Workflows in SharePoint Foundation 2010 enable enterprises to reduce the amount of unnecessary interactions between people as they perform business processes. For example, to reach a decision, groups typically follow a series of steps. The steps can be a formal, standard operating procedure, or an informal implicitly understood way to operate. Collectively, the steps represent a business process. The number of human interactions that occur in business processes can inhibit speed and the quality of decisions. Software that simplifies and manages this "human workflow" enables the automation of interactions among groups who participate in the process. This automation results in more speed, overall effectiveness of the interactions, and often a reduction in errors.

You can model business processes by using flow charts, such as those created using Microsoft Visio 2010 and can represent business processes by using workflow terminology. You can automate business processes, such as document approval, by associating a workflow with data in SharePoint Foundation 2010. For example, you can create a workflow to route a document for review, track an issue through its various stages of resolution, or guide a contract through an approval process.

One problem that many IT departments face when implementing business processes that require participation of information workers is that those processes do not integrate with the way people actually work. For a business process to be effective, it must be integrated with the familiar, everyday tools and applications used in the workplace so that it becomes part of the daily routine of information workers. In the electronic workplace, this includes integration with e-mail, calendars, task lists, and collaboration Web sites.

Benefits of using workflows

The primary benefits of using workflows are to facilitate business processes and improve collaboration.

Business processes that enterprises use depend on the flow of information or documents. These business processes require the active participation of information workers to complete tasks that contribute to their workgroup's decisions or deliverables. In SharePoint Foundation 2010, these types of business processes are implemented and managed by using workflows.

Examples of business processes that could be facilitated by workflows include:

  • Contract approval   Guiding a proposed contract among members of an organization who must approve or reject it.

  • Expense reporting   Managing the submission of an expense report and associated receipts, reviewing the report, approving it, and reimbursing the submitter.

  • Technical support   Guiding the progress of a technical support incident as it is opened by a customer, investigated by a support engineer, routed to technical experts, resolved, and added to a knowledge base.

  • Interviewing   Managing the process of interviewing a job candidate. This includes scheduling and tracking interview appointments, collecting interview feedback as it accumulates, making that feedback available to subsequent interviewers, and facilitating the hire/no-hire decision.
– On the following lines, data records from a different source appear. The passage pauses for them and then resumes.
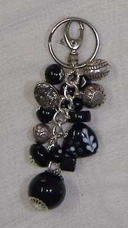 Descrição: Estrutura metalizada com pendente coração de metal, contas de vidro de cor preta, conta de vidro fancy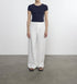 Crafted from 100% ultra-soft Supima cotton grown and made in the USA, our Supima Baby Rib Cropped Tee offers an exceptionally soft feel. This top features a fitted silhouette and framed by cap sleeves. Pair it with any of our high-waisted trousers.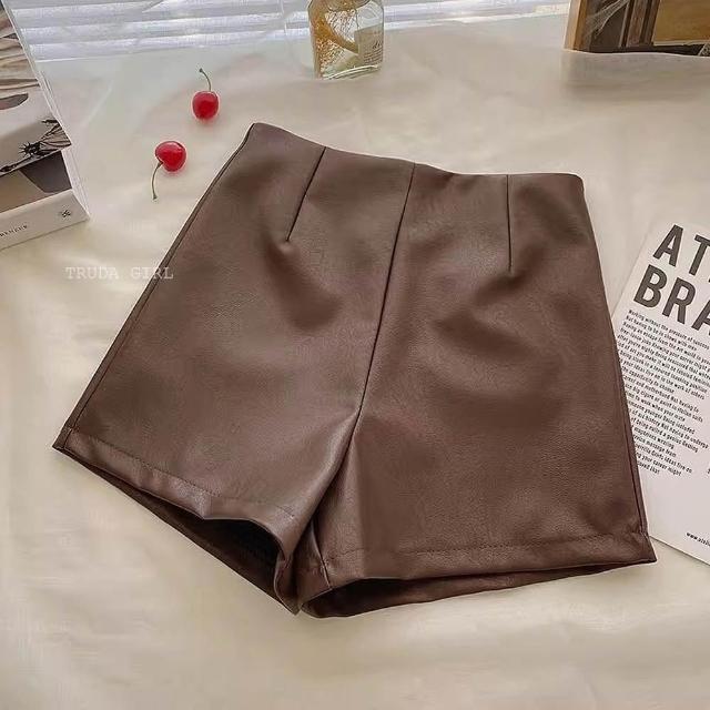 《杜達女孩》質感霧面軟皮皮褲 霧面皮短褲 短皮褲 合身皮褲 包臀皮褲 秋冬皮褲 PU皮褲 A字褲 霧面皮褲 搭靴子 靴褲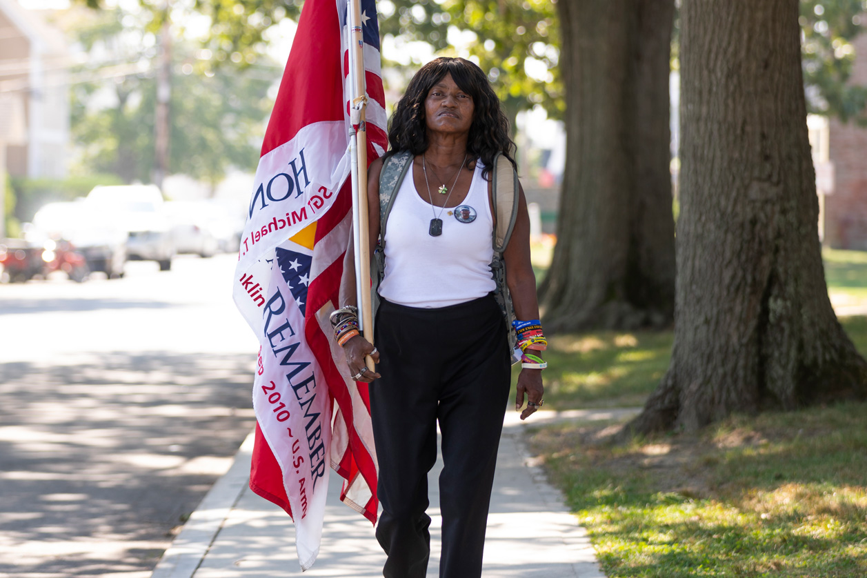 Beverly also carries a large, green military backpack decorated with images of four–leaf clovers, military symbols, and the names and faces of young vets who have lost their lives. Through her efforts, Michael Franklin’s legacy is still helping to save others.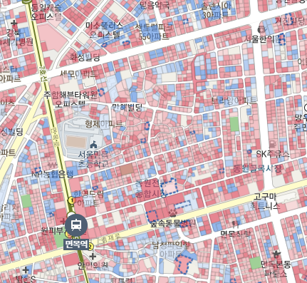 면목동의 노후도를 나타낸 것인데, 전체적으로 붉지만 신축도 상당히 들어온 것으로 보입니다. 동원전통시장을 지나가면서 철거가 이루어진 큰 필지를 봤는데, 위 지도에도 나옵니다. 동원전통종합시장이라는 글자가 있는 곳 바로 오른쪽에 점선으로 표시되어 있습니다.

Automating business processes

Businesses depend on business processes. Although those processes often involve software, the most important processes in many organizations depend on people. Workflows can automate interactions among the people who participate in a process to improve how that process functions, increase its efficiency, and lower its error rate.
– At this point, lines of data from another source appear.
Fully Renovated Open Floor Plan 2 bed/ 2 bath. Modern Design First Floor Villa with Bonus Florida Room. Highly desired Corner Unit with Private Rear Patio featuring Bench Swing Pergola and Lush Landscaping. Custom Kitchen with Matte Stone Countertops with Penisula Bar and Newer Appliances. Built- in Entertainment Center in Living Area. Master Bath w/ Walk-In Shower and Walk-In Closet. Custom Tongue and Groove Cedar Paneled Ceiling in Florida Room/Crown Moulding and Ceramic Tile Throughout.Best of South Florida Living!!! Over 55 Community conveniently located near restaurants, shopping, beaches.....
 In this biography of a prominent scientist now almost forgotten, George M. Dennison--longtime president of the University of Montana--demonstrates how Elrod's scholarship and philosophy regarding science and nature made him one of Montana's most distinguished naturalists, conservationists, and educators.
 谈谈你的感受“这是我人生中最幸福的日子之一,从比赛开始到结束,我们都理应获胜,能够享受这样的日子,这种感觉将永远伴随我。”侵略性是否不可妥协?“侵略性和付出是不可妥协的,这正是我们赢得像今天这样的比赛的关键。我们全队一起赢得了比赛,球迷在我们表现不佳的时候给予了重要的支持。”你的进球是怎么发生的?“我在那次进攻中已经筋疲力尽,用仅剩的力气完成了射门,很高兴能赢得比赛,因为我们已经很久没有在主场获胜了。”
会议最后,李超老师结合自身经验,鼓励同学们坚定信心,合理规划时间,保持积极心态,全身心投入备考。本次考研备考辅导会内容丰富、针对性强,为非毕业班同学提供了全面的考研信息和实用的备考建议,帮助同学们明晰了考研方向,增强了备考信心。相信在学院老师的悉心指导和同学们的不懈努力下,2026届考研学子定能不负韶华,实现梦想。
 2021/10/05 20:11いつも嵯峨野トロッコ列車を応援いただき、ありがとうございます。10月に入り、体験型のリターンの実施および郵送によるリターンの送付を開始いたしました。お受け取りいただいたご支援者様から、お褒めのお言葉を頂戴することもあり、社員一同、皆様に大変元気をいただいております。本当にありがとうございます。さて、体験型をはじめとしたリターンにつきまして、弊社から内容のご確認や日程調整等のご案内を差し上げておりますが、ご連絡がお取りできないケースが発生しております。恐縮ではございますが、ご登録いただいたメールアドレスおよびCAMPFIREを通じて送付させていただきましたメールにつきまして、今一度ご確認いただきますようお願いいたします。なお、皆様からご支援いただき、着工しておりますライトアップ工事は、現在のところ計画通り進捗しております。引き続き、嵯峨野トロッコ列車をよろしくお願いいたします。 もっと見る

Many processes can benefit from automated support for human interactions. Examples include the following:

  • Approval   A common aspect of human-oriented business processes is the requirement to get approval from multiple participants. What is being approved can vary widely, ranging from a Microsoft Word document that contains next year’s marketing plan to an expense report from a trip to a conference. In every case, some number of people must review the information, perhaps appending comments, and then indicate approval or rejection.

  • Coordinating group efforts   Whether it is preparing a response to a request for proposal (RFP), managing the translation of a document into one or more languages, or something else, many processes require people to work together in an organized way. By defining the steps of the process through an automated workflow, the group’s work can be made more efficient and the process itself more predictable.

  • Issue tracking   Many business processes generate a list of outstanding issues. An automated workflow can be used to maintain that list, assign issues to the people who can resolve them, and track the status of that resolution.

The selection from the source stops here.